Right. Given the rate at which the middle class is sliding into poverty, this was an extremely awkward way of bonding with them. From Romney’s vantage point, as one commenter noted, the entire 99% of Americans probably look “very poor.” And he’s making a hand-on-heart promise to fix any holes in the welfare safety net? Hardly credible, given the zeal with which the Republicans have been trying to shred it. As Washington Post columnist Greg Sargent commented:

Romney seems to have meant that the “very poor” have a safety net while the middle class doesn’t, and that the latter will be the focus of his campaign. But this is another sign of his apparent inability to avoid saying things that play perfectly into the Democratic strategy of painting him as the candidate of the one percent. (His recent claim that he likes to be able to “fire people” who provide services to him is a case in point.) If this tone deafness isn’t giving Republicans pause about Romney, it’s hard to know what would.

Regardless, as Democratic Party analyst William Galston points out in the latest New Republic, Obama currently looks vulnerable:

Consider a January 26 Quinnipiac survey of the Florida electorate, beginning with President Obama's standing in a state he carried by 3 points (51-48) in 2008. Forty-six percent of registered Florida voters approve of the way Obama is handling his job, while 52 percent disapprove. Forty-seven percent believe that he deserves to be re-elected, while 49 percent do not.
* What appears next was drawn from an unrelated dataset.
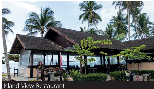
Island View Restaurant

Zum letzten Ziel fährst du durch das Elephant Gate hindurch und am Ende der Straße nach rechts. Nach wenigen Minuten kommt auf der linken Seite ein Sandweg, der die Einfahrt zum Island View Restaurant (9) am Taling Ngam Beach darstellt. Hier kannst du nun zum Tagesabschluss etwas essen, trinken und den schönen Sonnenuntergang vor Koh Samui genießen.

The contours of this terrain, Galston concludes, look perilous for the President, especially given Florida’s perennial status as a key swing state. The Florida pattern is not markedly different from the situation nationwide. An average of major national surveys conducted in January gives Obama a modest 2.3 point edge over Romney.

While the fractious Republican nominating process is alleged to have badly damaged Romney, there is little conclusive evidence of that being so. At the very worst, a recent NBC/Wall Street Journal survey found that Romney's unfavourable ratings among independent voters had increased by 20 points over the past two months, but that still leaves Obama currently leading Romney nationwide by only 8 points among that important bloc. Hardly an impossible gap to bridge, once the campaign proper kicks in.


Finally, and in one important respect, we could be heading for a re-run of the last presidential election. In 2008, John McCain was also suspected by elements in the Republican Party of not being a true conservative – and so, disastrously, chose Sarah Palin as his running mate in order to mobilise the religious right. This year, Romney will be under the same pressure.

If he does start being bruised by the perception that he is a flip-flopper, he may seek to “unite” the Republican Party by choosing an extremist as his running mate – and in some respects, Rick Santorum’s working class conservatism probably does look like a useful balance to Romney’s snooty elitism. As with Palin though, the prospect of Rick Santorum being a heartbeat away from presidential power will scare off many, many voters, especially among independents, and female voters.

So Romney could be damned, either way. Because if he doesn’t pick someone like Santorum as his running mate, he risks the emergence of a hyper-conservative third party candidate on the right who would split the anti-Obama vote, just as Ross Perot helped to sink Bush Senior in 1994. Buying the Florida election – and thereby, the nomination – might have been the easy bit, for Mitt.